Il devrait bientôt incarner le visage de l'antiterrorisme français. Jean-François Ricard, 62 ans, conseiller à la Cour de cassation et ancien juge antiterroriste, a été "proposé au poste de procureur national antiterroriste", a annoncé ce vendredi 3 mai le porte-parole de la chancellerie dans un tweet.

Le magistrat, qui a notamment instruit l'attentat à la station du RER Saint-Michel, a occupé la fonction de juge antiterroriste à Paris de 1995 à 2007, avant d'intégrer le ministère de la Défense, puis le parquet général. Il devrait prendre la tête du tout nouveau parquet national antiterroriste (PNAT), qui doit être installé "avant l'été".

Son nom a été proposé par la garde des Sceaux Nicole Belloubet au Conseil supérieur de la magistrature (CSM), qui rendra ensuite un avis non contraignant.
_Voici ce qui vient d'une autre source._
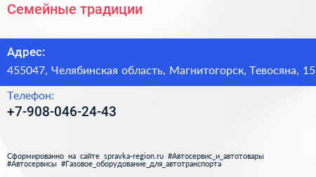 Семейные традиции по адресу 455047, Челябинская область, Магнитогорск, Тевосяна, 15 в дальнейшем Организация, размещена в следующих категориях:

Il faisait partie des favoris, avec l'ex-cheffe de la section antiterroriste du parquet de Paris Anne Kostomaroff, pour ce poste exposé.

Le PNAT, un "superparquet" controversé

Le PNAT, érigé en "véritable force de frappe judiciaire antiterroriste" face à une menace toujours présente, est l'une des mesures phares de la loi de réforme pour la justice promulguée le 23 mars. Il sera composé d'une trentaine de magistrats qui seront en charge de l'antiterrorisme et des crimes contre l'humanité.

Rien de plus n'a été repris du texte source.